您好,我目前正在尝试编写包含docx文件的代码.这些文件可能包含文本,图像,表格或方程式.该代码旨在复制这些对象并将其附加到基本docx.我可以使用docx模块的"add_picture"和"add_paragraph"方法复制和合并文本,图像和表格,但是我无法对单词方程式执行此操作.我决定尝试深入研究docx的xml,然后从那里复制方程式部分.我可以将方程式添加到基本文档中,但是当我继续添加图片,文本和表格时,这些方程式将显示在docx的 end 处.我的问题是:为什么,如果我按希望它们出现的顺序遍历附加对象,并且有一种方法会阻止代码放置docx末尾的方程式.

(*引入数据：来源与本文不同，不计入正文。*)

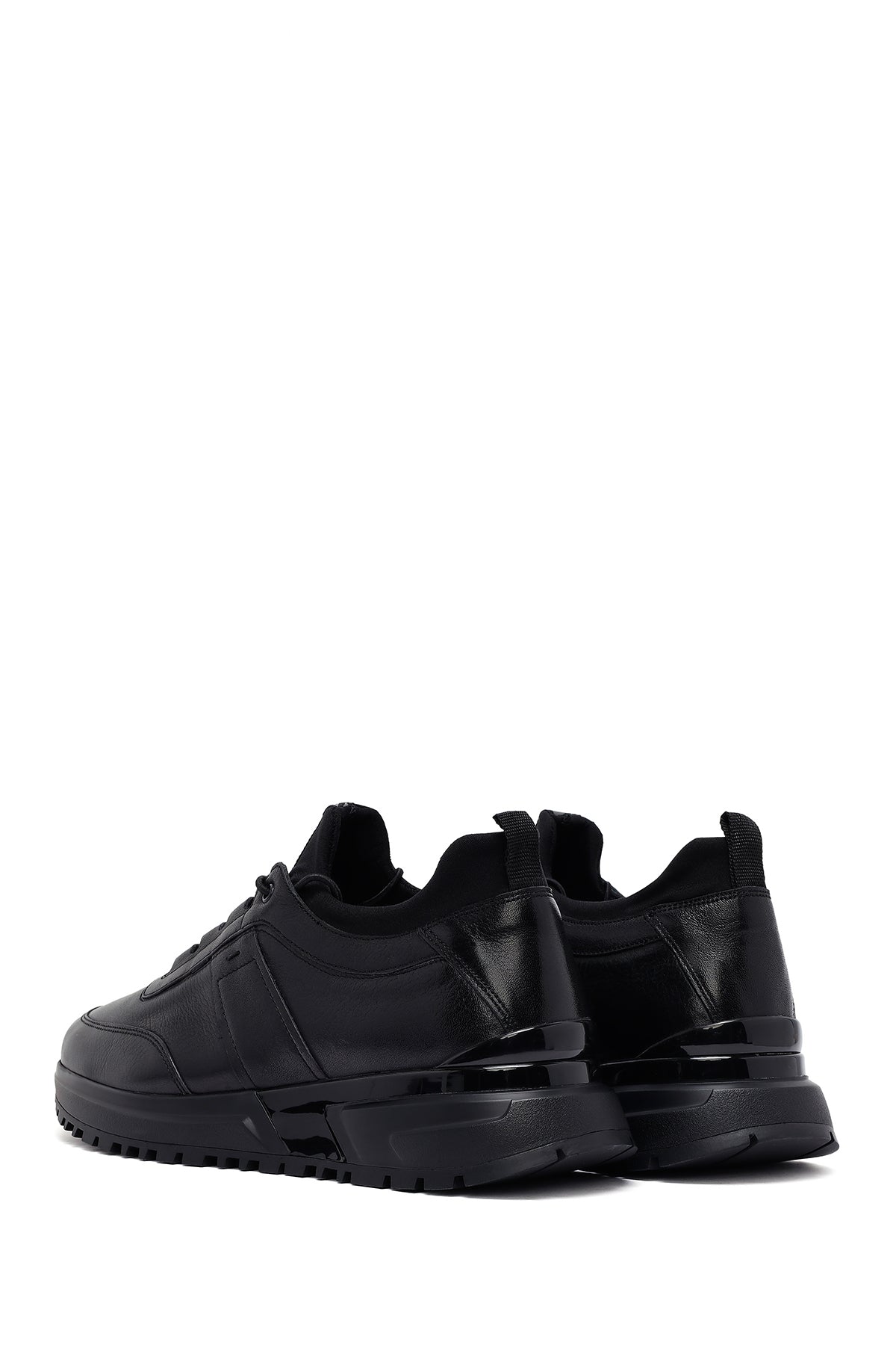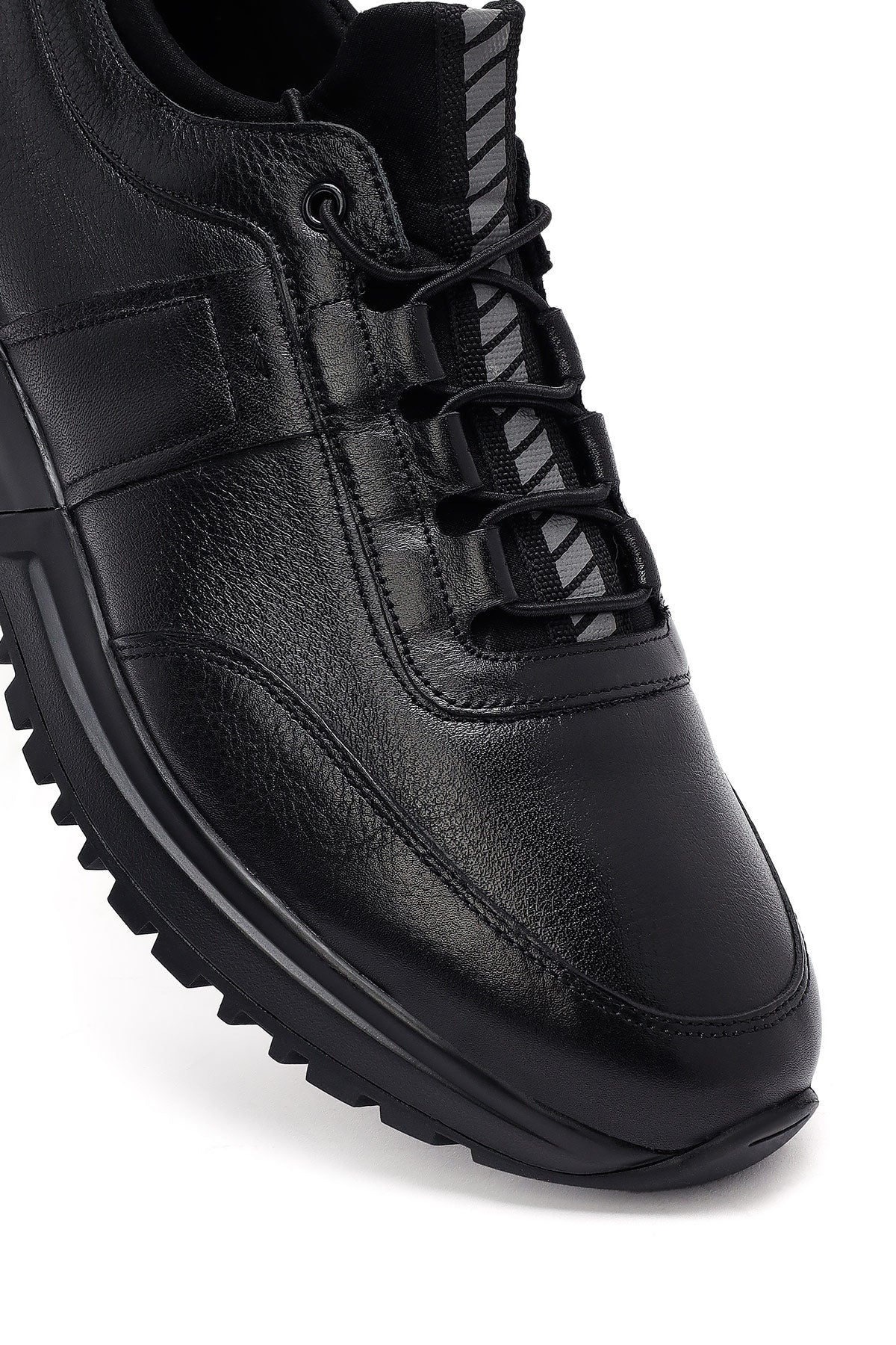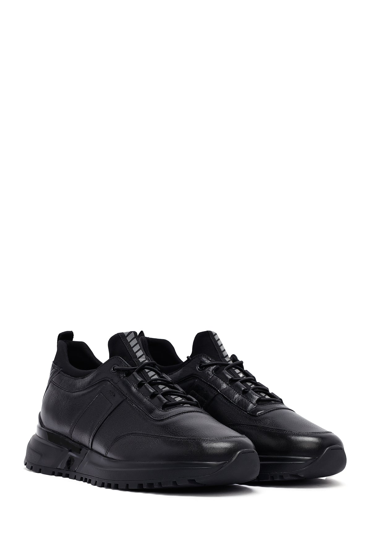 Erkek Siyah Bağcıklı Kalın Tabanlı Deri Casual Sneaker

Hello I am currently trying to write a code that combines docx files. These files may have text, images, tables, or equations. The code aims to copy these objects and append them to a base docx. I am able to copy and merge text, images, and tables by using the docx module's 'add_picture' and 'add_paragraph' methods but I cannot do this for word equations. I decided to try to dig into the xml of the docx and copy the equation section from there. I am able to append equations to my base document but when I continue to append pictures, texts, and tables, these equations show up at the end of the docx. My questions are: why does this occur if I loop through the appended objects in the order I want them to appear and is there is a way to keep the code from putting the equations at the end of the docx.

以下是代码的概述:

  1. 创建基础文档:

  1. create base document:

document = Document('basedoc.docx')

document=Document('basedoc.docx')

对于子文档的每个块项目,我对类型,样式以及是否存在方程式进行分类:

For each block item of the sub-doc I categorize the type, style, and whether an equation is present or not:

如果isinstance(块,段落):

if isinstance(block, Paragraph):

if "r:embed" in block._element.xml:

    append content,style, and equation arrays, content being a drawing/image

elif "m:oMathPara" in block._element.xml:

    append content,style, and equation arrays, content being an equation
    equationXml.append(block._element.xml)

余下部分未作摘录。